“And when I say, ‘No?’” He held back a second longer before leaning down to my neck and running his lips across my skin. I tilted my head farther back to give him more room to maneuver.
“I’ll say, ‘Are you actually going to let me into your apartment or are you planning to do me in the stairwell?’”
“Then I’ll say, ‘I have a very big, very empty bed to do you in and—” Groaning, he pushed himself backwards and adjusted his cock. “Shit. We need to stop talking or I’m going to carry you upstairs over my shoulder. Which, as much as I want to do, is something I can’t. I wish Anna hadn’t been such a bitch but I need to—”
“You need to do whatever you need to do.”
“No, I need to do one of the things I need to do. I’m praying that the other thing I need to do with the person I need to do it with will still be available to me when I can do it. Because I’m not sure I’ve ever needed to do anything this badly before.”
“Then I guess you should ask that person very, very nicely.”
“Oh, I intend to be nicer to her than any man has ever been.”
“God, I hope you can do better than that,” I said, typing my number into his phone.
“Ouch.” He grimaced, then kissed me lightly. “Believe me, I can.
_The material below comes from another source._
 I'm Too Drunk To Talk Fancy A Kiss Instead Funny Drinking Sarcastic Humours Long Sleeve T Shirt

You are a beautiful and complicated woman, Lane.” His next kiss was harder. “Say thank you.”
“Thank you.” It was more moaned than said. I couldn’t remember ever wanting someone this much either, and I knew next to nothing about him. But what I did know, I really, really liked. He was blistering hot, funny, smart—
No! My body tightened when I felt the unwanted warmth of emotion go through me. I couldn’t let my curse ruin another man.
“You’re not a nice guy, right?” I asked, pushing him away. “I mean you seem nice, but that’s only because you want to get in my pants. Once you’ve done that, you’ll stop being nice, right?” My voice sounded frantic, desperate.
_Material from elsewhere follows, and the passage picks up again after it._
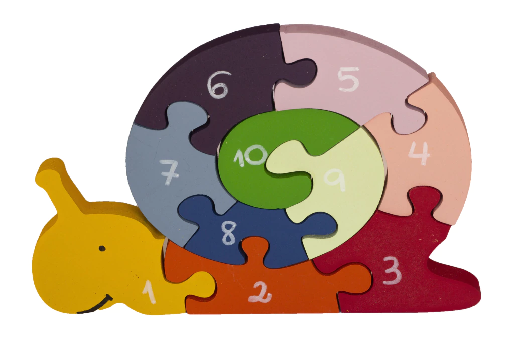 Quebra-cabeça educativo em formato de caracol, com dez peças coloridas enumeradas de 1 a 10. Brinquedo confeccionado em madeira de reflorestamento e pintado com tinta atóxica.

“Umm… I’m not sure how nice I am, but I am sure that I’m one-hundred percent screwed up and without a doubt the worst possible man a woman could ever have a relationship with. If I did relationships, which I don’t. And I’ve never broken anyone’s heart because I don’t stick around long enough to create any of those feelings. Does that make you feel better?”
I blew out a breath. “Yeah. Thanks. Just make sure you stay that way, okay?”
“Four times more intriguing,” he said, cocking his head slightly. “At least.”
Oh shit. I needed to get out of here before I said something stupid like…any of the things that were flying through my head at the moment.
“Okay, bye.” That was embarrassingly lame, but at least it got me moving.
The rest of the way downstairs and the whole way home, I played a mental recording of what he’d said: He was no good. He wouldn’t stick around. He was there for one reason and one reason only. But even all that wasn’t working.
I wasn’t cut out for this. I’d never had a one-night stand before and, evidently, there was a very good reason for that. I couldn’t separate the physical from the emotional, sex from love. Talking dirty and kissing in the stairwell, and I was already feeling butterflies. Stupid, toxic butterflies. I couldn’t let myself turn into a weak doormat again. After months of feeling okay with myself and being alone, it should’ve taken at least an hour for me to turn into mush. Definitely longer than fifteen minutes.
When he called, if he called, I’d tell him I changed my mind. He’d probably be disappointed for three whole minutes until he found somebody else. Someone who wasn’t such an idiot.
Chapter 3 - Carson
Jesus. What the hell just happened? I’d kissed, touched, fucked a lot of women. But I’d never been that desperate for more.
Probably a shift in the weather, or I was coming down with something. Maybe she’d just given me the flu…in two minutes. Sure. My body aches were all in my cock and abs and I didn’t have a fever, but, sure, it could be the flu. Actually, there’d been more heat than I remembered feeling in a long time, and I’d felt a slight shortness of breath near the end of the kiss. So yeah, I should probably relax, drink a lot of liquids—obviously the alcoholic kind—take a cold shower, and go to bed. Alone.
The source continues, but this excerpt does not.